French speakers also use an equivalent of “Yeah, no”, so I can’t at the moment recall if it is “Oui, non,….” or “Non, oui,…” which is most often used.
I remember, when first coming for a longer visit in the US, I found fascinating (for some reason…) that students started most (well, many, really) sentences with “Yeah, no,…” then some subject-verb, then “like”, then “you know”, then continued. (“Yeah, no, he was, like, you know, completely cool”, or something to that effect).
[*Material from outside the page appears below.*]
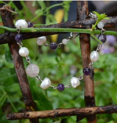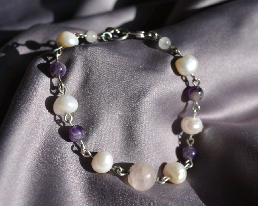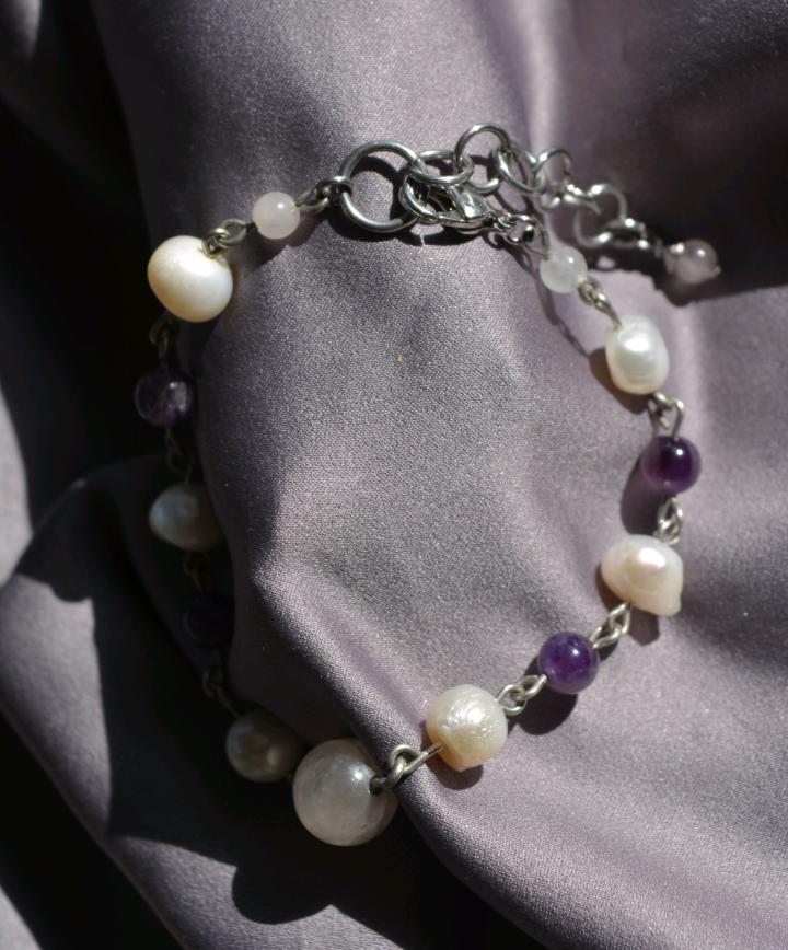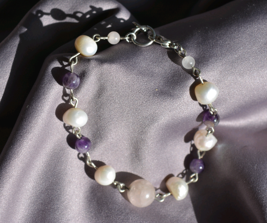 Princess- Pearl and Amethyst Bracelet with Rose Quartz.

I guess I found this interesting because this was absolutely unexpected — none of the sources of English I had had access to (books, newspapers, TV, etc,) had ever emphasized this type of construction…
(The smiley above shouldn’t really be there, closing parentheses is sometimes hard to do nowadays)
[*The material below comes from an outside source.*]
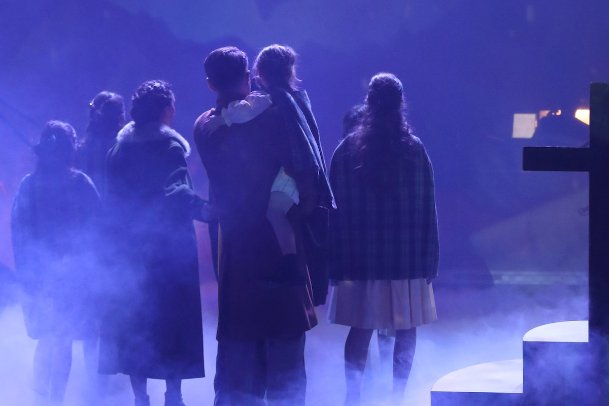 Pour montrer la tension et un futur sombre, nous faisons le choix d’une scénographie dépouillée et d’un éclairage froid. Maria, qui représente la liberté, apporte lumière et couleurs dans chaque scènes. Nous verrons ainsi, grâce à ses actions, accessoires et tenues devenir pastel. Nous ferons délibérément le choix de mettre en avant les couleurs des pays actuellement envahis. Cette douceur s’effacera ensuite avec la montée des extrêmes, pour laisser place à un rouge vif en référence au Nazisme. Seule la fuite, permise par Maria, permettra à tous de rejoindre les plaines vertes, symboles d’espoir.

I think the sentence-opening “Yeah, no” is fairly new — that is, I say it a lot now but my perception is that I didn’t say it as a kid. “Like” and “you know,” on the other hand, have been standard particles of English my whole life.
School French didn’t prepare me for everyone under 30 pronouncing “oui” as “weh….”
“Ouais” is the way we would write it (indeed, according to my Grand Robert dictionary, this goes back at least as far back as 1553, with a quotation from Molière’s “Le Misanthrope”, although only as an interjection expressing surprise (so the sense as synonym of “Oui” may be more recent).
My youngest son definitely learnt it recently; he likes to say “Oh, ouais !” anytime we mention something interesting happening.
Yeah, no, I remember a moment of first noticing we were all saying it, but that was about 18 years ago.
[...] couple of years ago I was surprised to learn that the most popular boy’s and girl’s name in Germany were Leon and Leonie, [...]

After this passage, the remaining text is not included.